Finally, by far our most detailed information about Greenland climates in the past comes from ice cores. In Greenland’s cold and intermittently wet climate, trees are small, grow only locally, and their timber deteriorates quickly, so we don’t have for Greenland the logs with beautifully preserved tree rings that have enabled archaeologists to reconstruct year-to-year climate changes in the dry U.S. southwestern deserts inhabited by the Anasazi. Instead of tree rings, Greenland archaeologists have the good fortune of being able to study ice rings—or, actually, ice layers. Snow that falls each year on Greenland’s ice cap becomes compressed by the weight of later years of snow into ice. The oxygen in the water that constitutes snow or ice consists of three different isotopes, i.e., three different types of oxygen atoms differing just in atomic weight because of different numbers of uncharged neutrons in the oxygen nucleus. The overwhelmingly prevalent form of natural oxygen (99.8% of the total) is the isotope oxygen-16 (meaning oxygen of atomic weight 16), but there is also a small proportion (0.2%) of oxygen-18, and an even smaller amount of oxygen-17. All three of those isotopes are stable, not radioactive, but they can still be distinguished by an instrument called a mass spectrometer. The warmer the temperature at which snow forms, the higher is the proportion of oxygen-18 in the snow’s oxygen. Hence each year’s summer snow is higher in its proportion of oxygen-18 than the same year’s winter snow. For the same reason, snow oxygen-18 in a given month of a warm year is higher than in the same month of a cold year.
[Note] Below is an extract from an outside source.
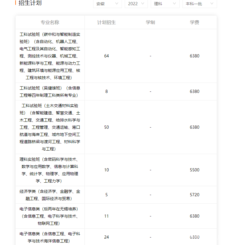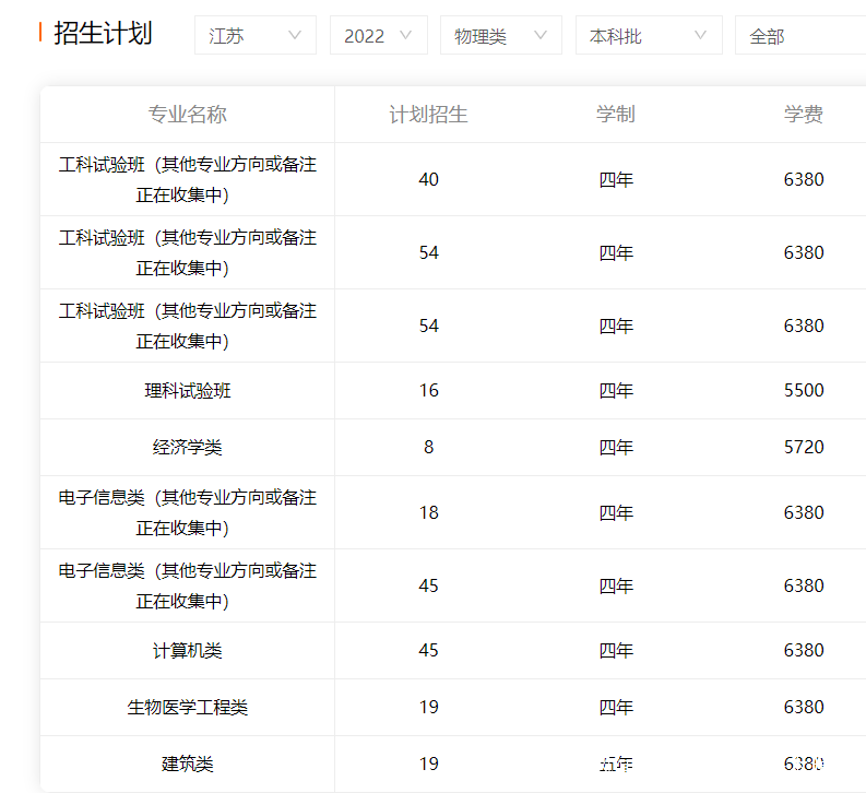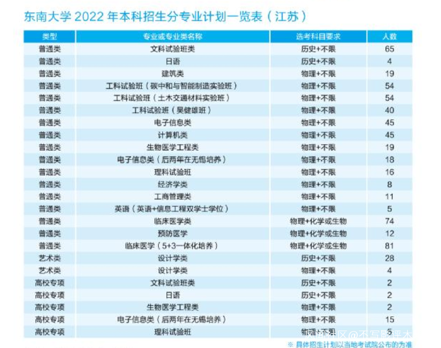 咱們看東大在其它部分省份招生計劃,比如隔壁的安徽省

Thus, as you drill down through the Greenland ice cap (something that Greenland-ice-cap-drilling scientists have now done down to a depth of almost two miles) and measure the oxygen-18 proportion as a function of depth, you see the oxygen-18 proportion wiggling up and down as you bore through one year’s summer ice into the preceding winter’s ice and then into the preceding summer’s ice, because of the predictable seasonal changes in temperature. You also find oxygen-18 values to differ among different summers or different winters, because of unpredictable year-to-year fluctuations in temperature. Hence the Greenland ice core yields information similar to what archaeologists studying the Anasazi deduce from tree rings: it tells us each year’s summer temperature and each year’s winter temperature, and as a bonus the thickness of the ice layer between consecutive summers (or between consecutive winters) tells us the amount of precipitation that fell during that year.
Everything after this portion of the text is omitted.